Clover is also working to create an automatic payment portal that allows faster invoicing and payments, Osmond said. The portal would use the tracking devices to help confirm that the carloads arrived at their location and allow for payments to possibly occur more quickly than the normal monthly cycle, he said.

The ends of the earth

The Louisiana logistics hub at St James could be an attractive destination for Canadian crude, both by rail and pipeline, because of the imminent reversal of the underutilized 1.2mn b/d Capline which currently moves crude north from St James to Patoka, Illinois. A reversed Capline could carry light crude to St James in 2020, with heavy capacity possible in 2022.

"I really do see St James as a very viable end destination for a lot of this" Canadian railed supply, said Ed Koshka, an industry expert at Oil Sands Consulting.

"St James really is the ends of the earth when it comes to Canadian heavy crude. And it is very well served by rail today," with robust interconnections with CN, Canadian Pacific (CP), Union Pacific (UP) and BNSF, Koshka said at the Argus Canadian Crude Summit.

A reversed Capline could feed into Marathon's proposed 600,000 b/d Swordfish pipeline from St James to the Louisiana Offshore Oil Port (LOOP), opening the door for heavy Canadian crude to be exported. Heavy crude can already reach St James via Shell's Zydeco pipeline or through the Bayou Bridge pipeline.

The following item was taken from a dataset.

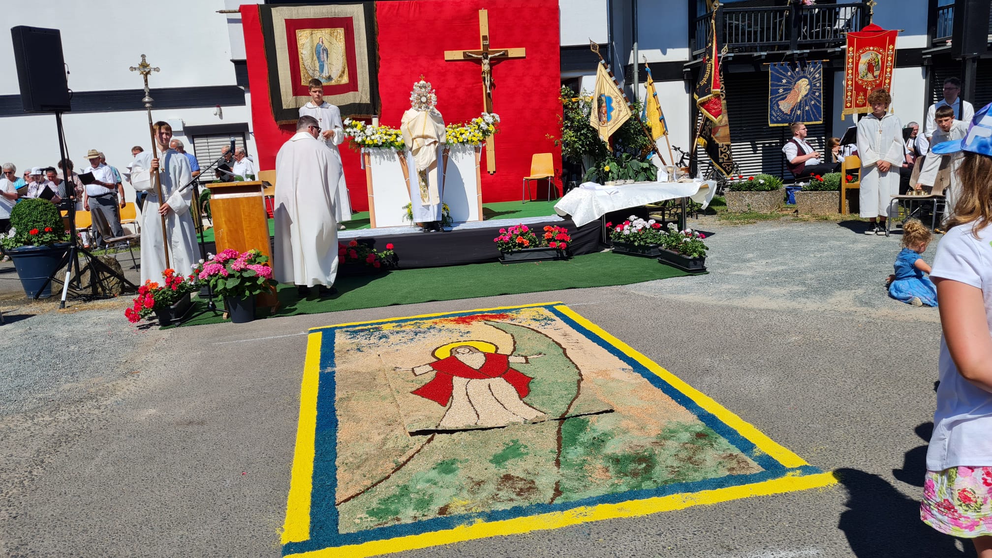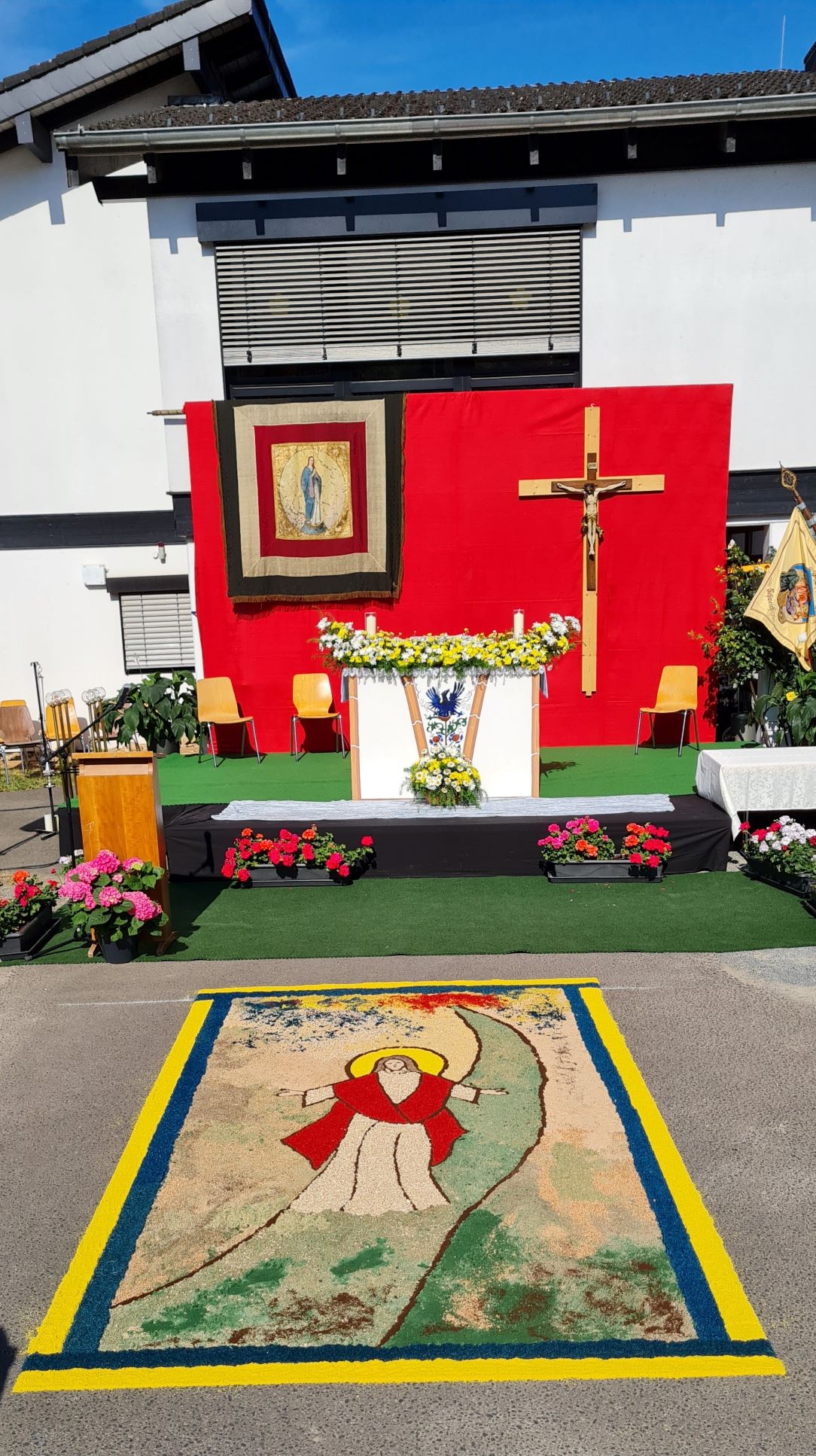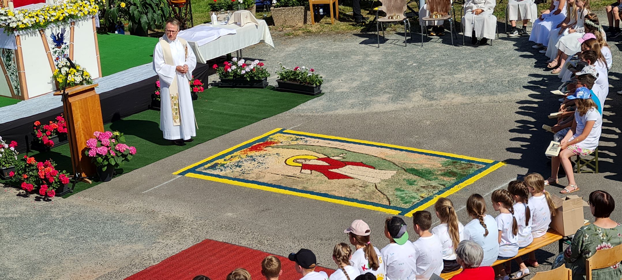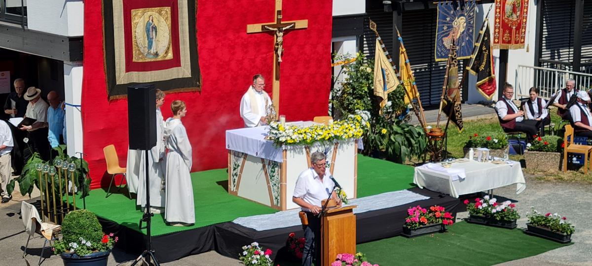 Traditionell war der Hauptaltar auf dem Gelände vom Altenheim St. Josef, wo auch der Gottesdienst zelebriert wurde. Alles lief wie am Schnürchen, denn die handelnden Akteure arbeiten an Fronleichnam seit Jahren bestens und harmonisch zusammen.
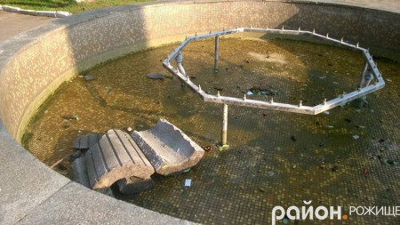 На Волині вандали розбили бетонний смітник та вкинули у фонтан

NuStar has commitments to offload at least 10 unit trains at St James, where it also holds about 8.3mn bl of tankage. The 10 unit trains carrying WTI, Bakken and WCS barrels to the Gulf coast are fully covered by minimum commitments, and there is "significant upside to that number," NuStar said on a 10 May earnings call.

Heavy crude producers want flexibility to sell into export markets from the US Gulf coast if they cannot get the right terms from area refiners, said Robb Barnes, senior vice president of commercial crude oil at Magellan Midstream Partners.

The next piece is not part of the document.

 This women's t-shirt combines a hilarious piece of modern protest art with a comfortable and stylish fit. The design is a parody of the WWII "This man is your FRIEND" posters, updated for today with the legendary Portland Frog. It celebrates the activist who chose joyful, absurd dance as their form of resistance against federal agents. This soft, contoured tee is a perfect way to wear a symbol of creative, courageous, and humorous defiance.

Magellan's joint-venture HoustonLink pipeline connects TransCanada's Keystone crude system to Magellan's Houston-area network. It allows TransCanada's shippers to reach Magellan's Houston and Texas City crude distribution system.

Gulf coast refiners who have invested in expensive kits to run heavy feedstocks are the most likely buyer of a Canadian heavy barrel, Barnes said. But refiners might use a Canadian producer's lack of options as pricing leverage if they expect that the supply will be captive to domestic markets once it reaches the Gulf coast, Barnes said at the Argus Canadian Crude Summit.

"If a heavy barrel can be exported, the shippers have the ability to use that flexibility to negotiate better rates to sell to refiners," Barnes said. "It comes down to tankage."

By some metrics, Canadian railed crude shipments to the US Gulf could be partially immune to short-term WCS discounts. For example, overall crude volumes through the Jefferson terminal in Beaumont, Texas, increased from the third quarter of 2018 through the first quarter of 2019 despite lower Canadian differentials. The Jefferson facility handled about 34,500 b/d of crude in the first quarter, nearly triple the 12,175 b/d from the third quarter of 2018.

With forward prices showing spreads of about $15-$20/bl for the third and fourth quarters, "We expect crude from Canada volumes to grow nicely over the balance of this year and next," said Joseph Adams, chief executive of Fortress Transportation and Infrastructure Investors, which owns the Jefferson terminal.

"There were a lot of commitments that people made in terms of obtaining railcars, negotiating rail slots from CN and CP and getting loading capacity," Adams said on a 3 May earnings call. Some deals were made on a multi-year, take-or-pay basis, so "you have less ability to just turn it on and turn it off every quarter," he said.